» **WORK ORDER**: Exactly the lines from the start of the data below through the line that contains "باالصورة اعلاها سوف" are to be copied, with pictures left out.

RECORDS FOR THIS TASK section start

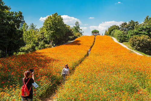 1988年に開催されたソウルオリンピックを控え、1986年に造成された公園です。ソウル東南部の蚕室(チャムシル)エリアにあり、敷地総面積は約158,000平方メートルにも及ぶ広大な公園です。園内には芝生広場、湖、夢村土城(モンチョントソン、史跡第297号)、博物館、美術館などがあり、見どころ満載。四季折々の景色が見られる市民の憩いの場でもあります。かつてオリンピック競技が開かれた会場は近年、コンサート・イベント会場として活用され「KSPO DOME(オリンピック体操競技場)」や「SKハンドボール競技場」など韓流ファンが多数訪問するようになりました。行き方は地下鉄5号線のオリンピック公園駅、または8号線の夢村土城駅下車すぐです。
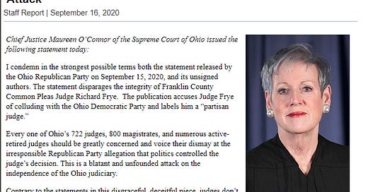 Today, the Chief Justice of the Supreme Court of Ohio, Maureen O’Connor, publicly condemned a statement yesterday by the Ohio Republican Party “in the strongest possible terms.” The statement accused a Democratic judge of colluding with Ohio Democrats to cheat in the upcoming election “to elect radical liberals to fulfill their agenda, including judge with unmistakable partisan interests.” O’Connor called the statement “disgraceful,” and “deceitful.” “The Republican Party’s statement should be seen for what it is: part of a continuing string of attacks against any [court] decision that doesn’t favor a political end, regardless of party, even if that decision may be legally correct and indeed legally required,” she said. The former Lieutenant Governor of Ohio, O’Connor is a Republican.
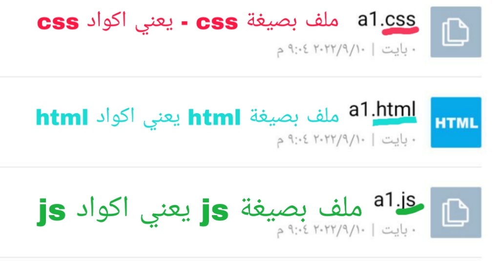 باالصورة اعلاها سوف تلاحظ ان كل ملف/صيغة لها معنى معين
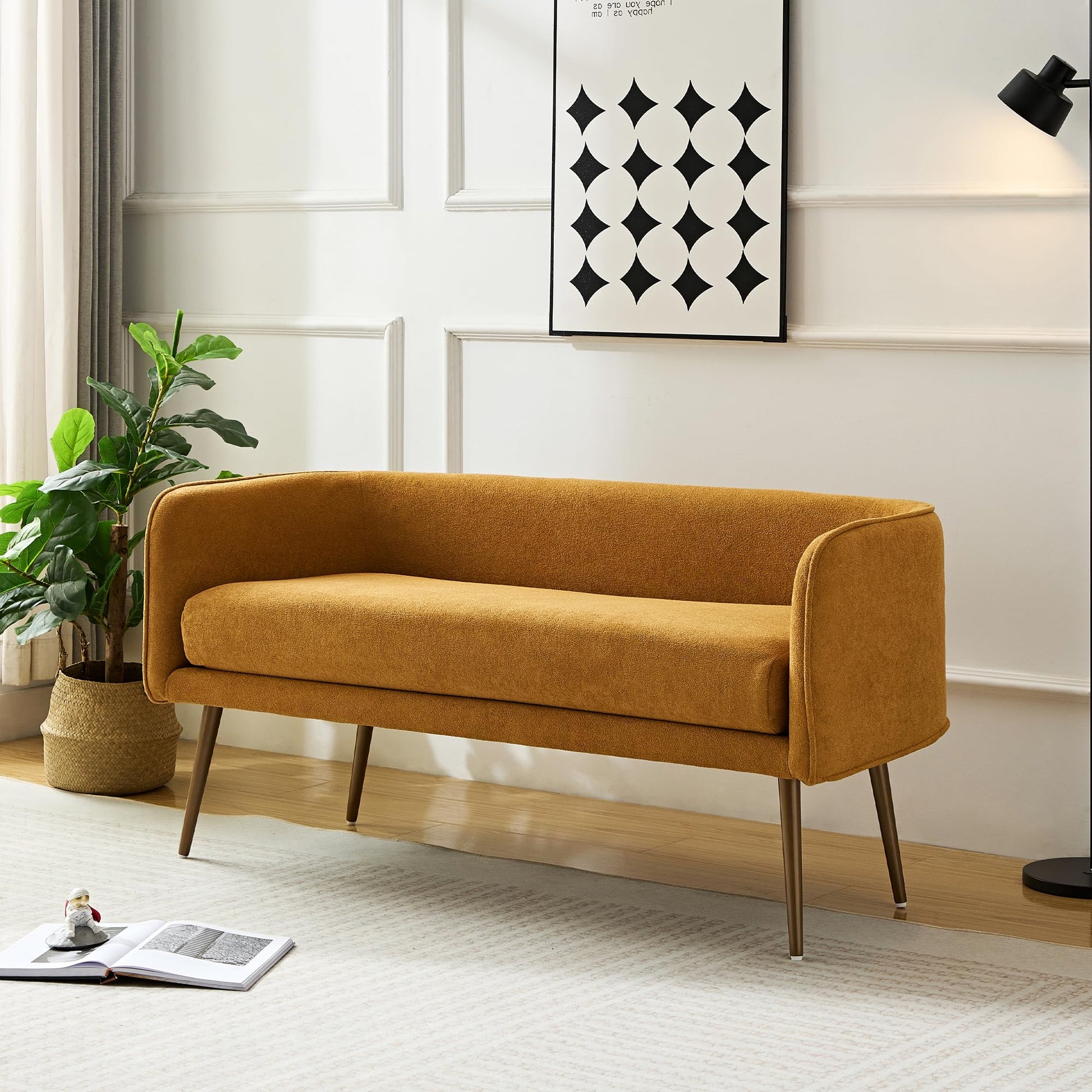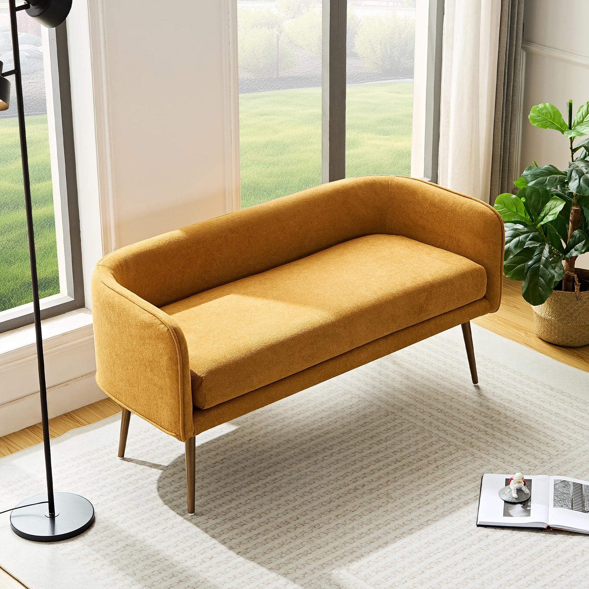This contemporary upholstered bench combines sleek design with practical functionality, making it a versatile addition to your bedroom, entryway, or living room. Featuring a low backrest and armrests for added comfort, this bench serves multiple purposes from extra seating to a stylish accent piece.
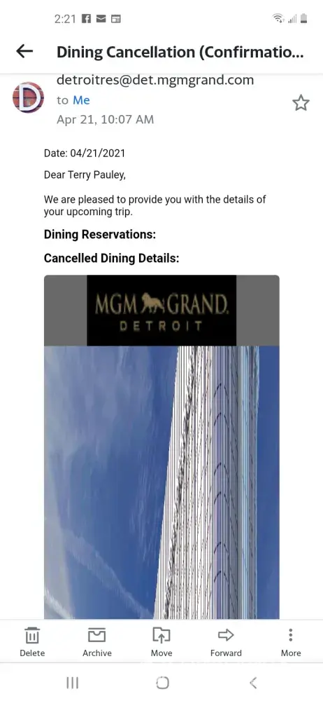 on April 20th I made a hotel reservation for mgm grand detroit. And also for dprime restaurant. Long story short. I had to cancel both reservations. I called shortly before 10am on the 21st to cancel the hotel reservation which was granted I thought. But also cancel my dinner reservation. Which I later noticed they sent me a confirmation email for the dinner cancelation. Never received one for hotel. Same phone call I believe same person handled both. Did the hotel one first. Anyways went there last night to find out I had express comps left because they used it for a no-show on room. Called vip basically told me I'm [censored] out of luck. Was hoping to get this comp back. Player id [protected]. Didn't even know about a confirmation email. Or I eould have looked out for one. Wondering how ball got dropped. And who was responsible on your end. Canceled hotel before dining on same phone call
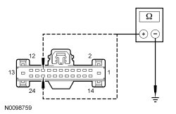 - Measure the resistance between BCM-B (Body Control Module B) C4368A-10, circuit CPW73 (GN/VT), harness side and ground; and between BCM-B (Body Control Module B) C4368A-22, circuit CPW73 (GN/VT), harness side and ground.
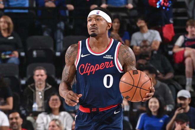本场比赛中,快船虽然输掉了比赛,但是球队的先发得分后卫布拉德利-比尔(Bradley Beal)的表现还是有些一般的。比尔全场出场20分09秒,投篮8中5,三分线外4中2,罚球2中0,得到了12分1篮板2助攻1抢断的数据,还有3次失误和3次犯规,正负值为-2。比尔在进攻端保持了相当不错的进攻效率,他的得分能力也还是发挥了出来。在出场时间碎片化,战术地位有限且出手次数不多的情况下,比尔还是得到了不少的分数。不仅如此,比尔在防守端的表现也是值得肯定的,他也是有着很高的防守积极性。我们也看得出来,比尔非常努力,也很希望为球队提供更多的支持,也愿意在防守端付出更多的体力,然而在目前这种环境中,在这样的战术安排之下,他确实是很难发挥出自己的特点。
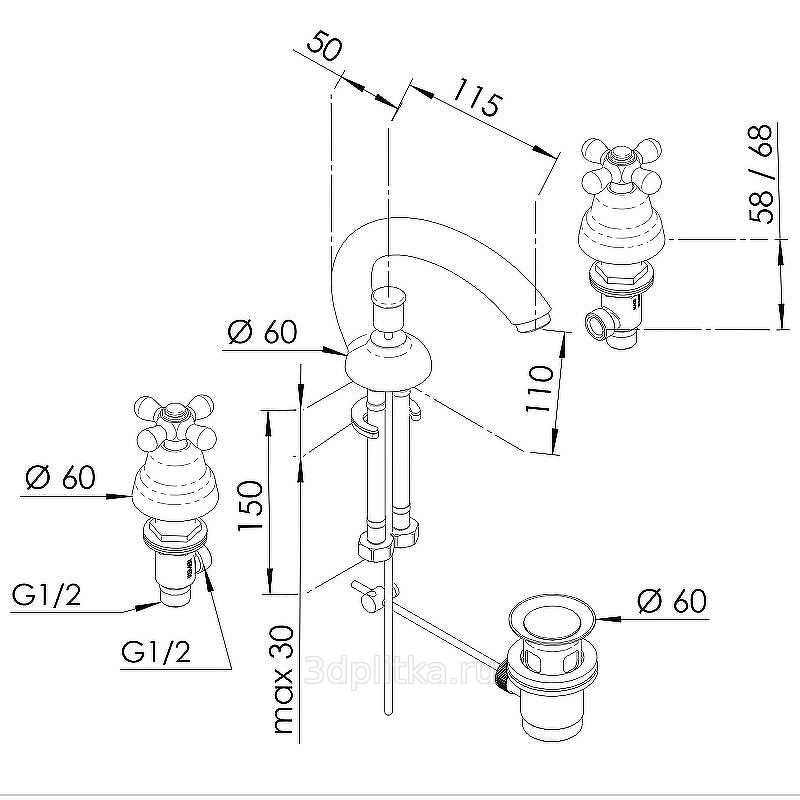 Смеситель Remer Liberty 11CLIVO Для раковины Латунь состаренная с д/к
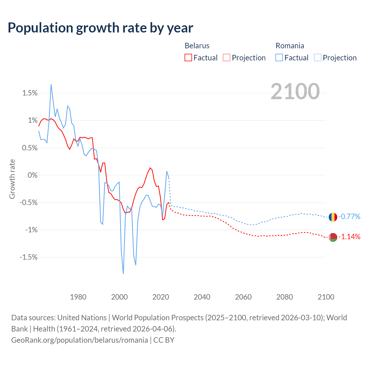 - For the last 10 years, Belarus has had an average growth rate of -0.3% per year vs -0.43% in Romania.
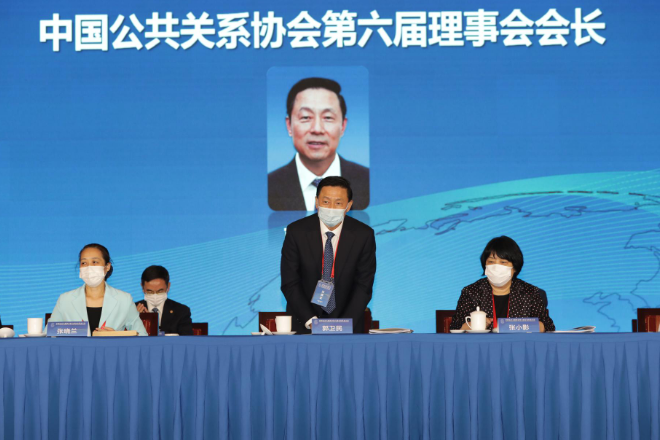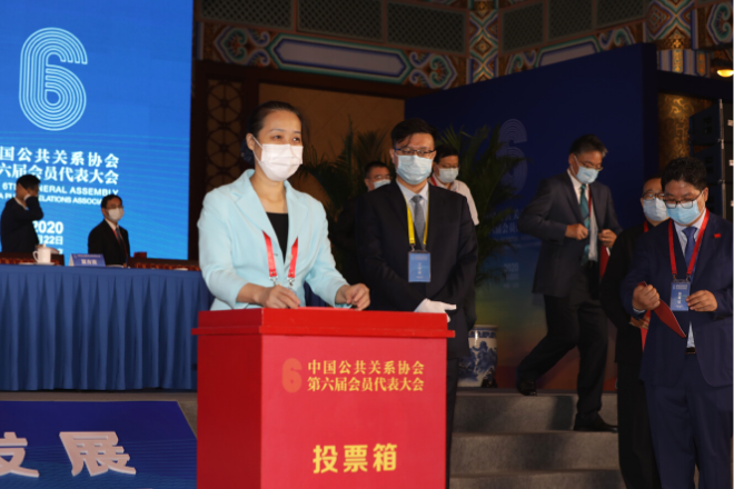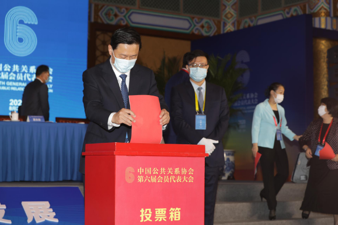 中国公共关系协会第六届会员代表大会选举现场,郭卫民当选新一届理事会会长
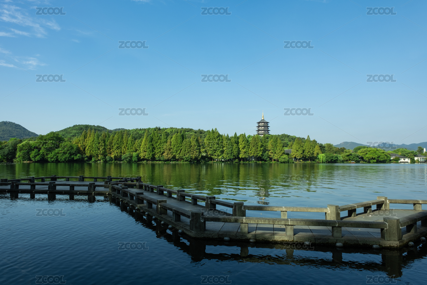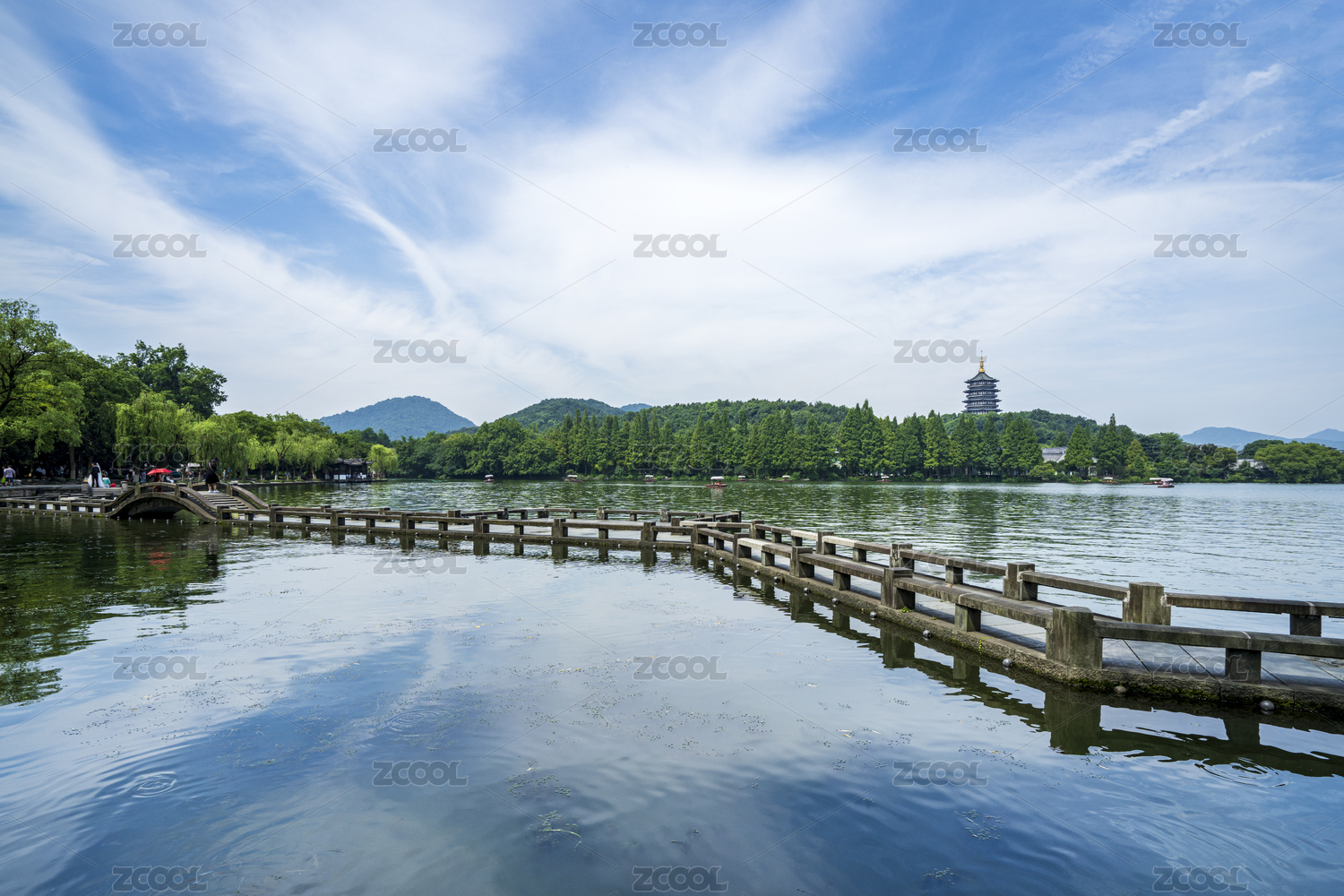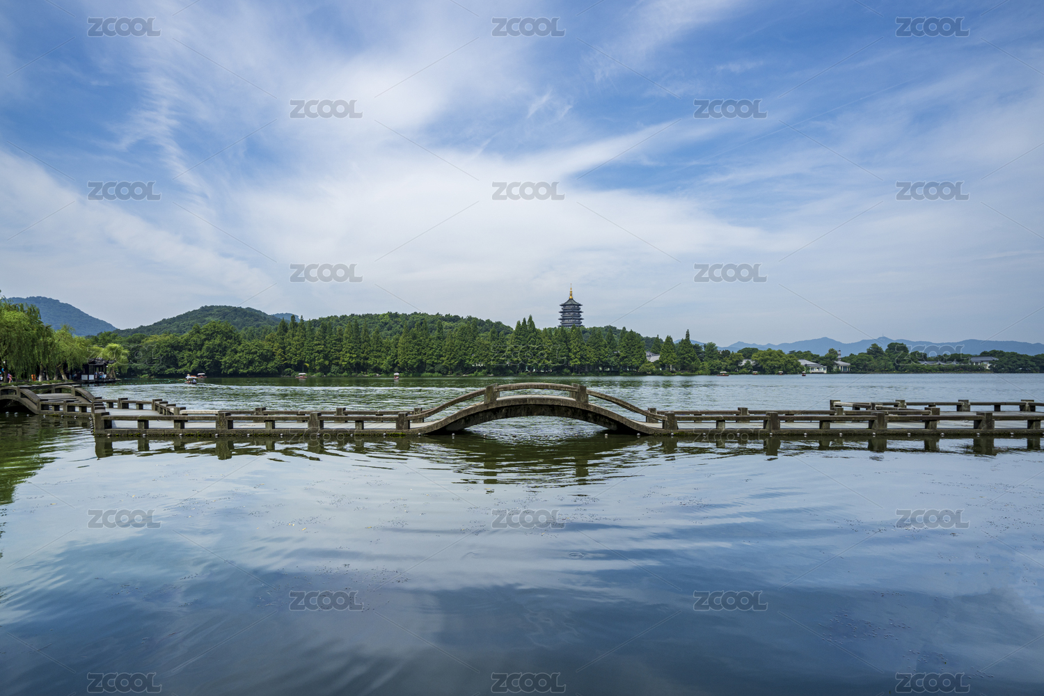 中国浙江杭州西湖地标景点雷峰塔与长桥风光

RECORDS FOR THIS TASK section end

» **ANSWER BELOW**:
 1988年に開催されたソウルオリンピックを控え、1986年に造成された公園です。ソウル東南部の蚕室(チャムシル)エリアにあり、敷地総面積は約158,000平方メートルにも及ぶ広大な公園です。園内には芝生広場、湖、夢村土城(モンチョントソン、史跡第297号)、博物館、美術館などがあり、見どころ満載。四季折々の景色が見られる市民の憩いの場でもあります。かつてオリンピック競技が開かれた会場は近年、コンサート・イベント会場として活用され「KSPO DOME(オリンピック体操競技場)」や「SKハンドボール競技場」など韓流ファンが多数訪問するようになりました。行き方は地下鉄5号線のオリンピック公園駅、または8号線の夢村土城駅下車すぐです。
 Today, the Chief Justice of the Supreme Court of Ohio, Maureen O’Connor, publicly condemned a statement yesterday by the Ohio Republican Party “in the strongest possible terms.” The statement accused a Democratic judge of colluding with Ohio Democrats to cheat in the upcoming election “to elect radical liberals to fulfill their agenda, including judge with unmistakable partisan interests.” O’Connor called the statement “disgraceful,” and “deceitful.” “The Republican Party’s statement should be seen for what it is: part of a continuing string of attacks against any [court] decision that doesn’t favor a political end, regardless of party, even if that decision may be legally correct and indeed legally required,” she said. The former Lieutenant Governor of Ohio, O’Connor is a Republican.
 باالصورة اعلاها سوف تلاحظ ان كل ملف/صيغة لها معنى معين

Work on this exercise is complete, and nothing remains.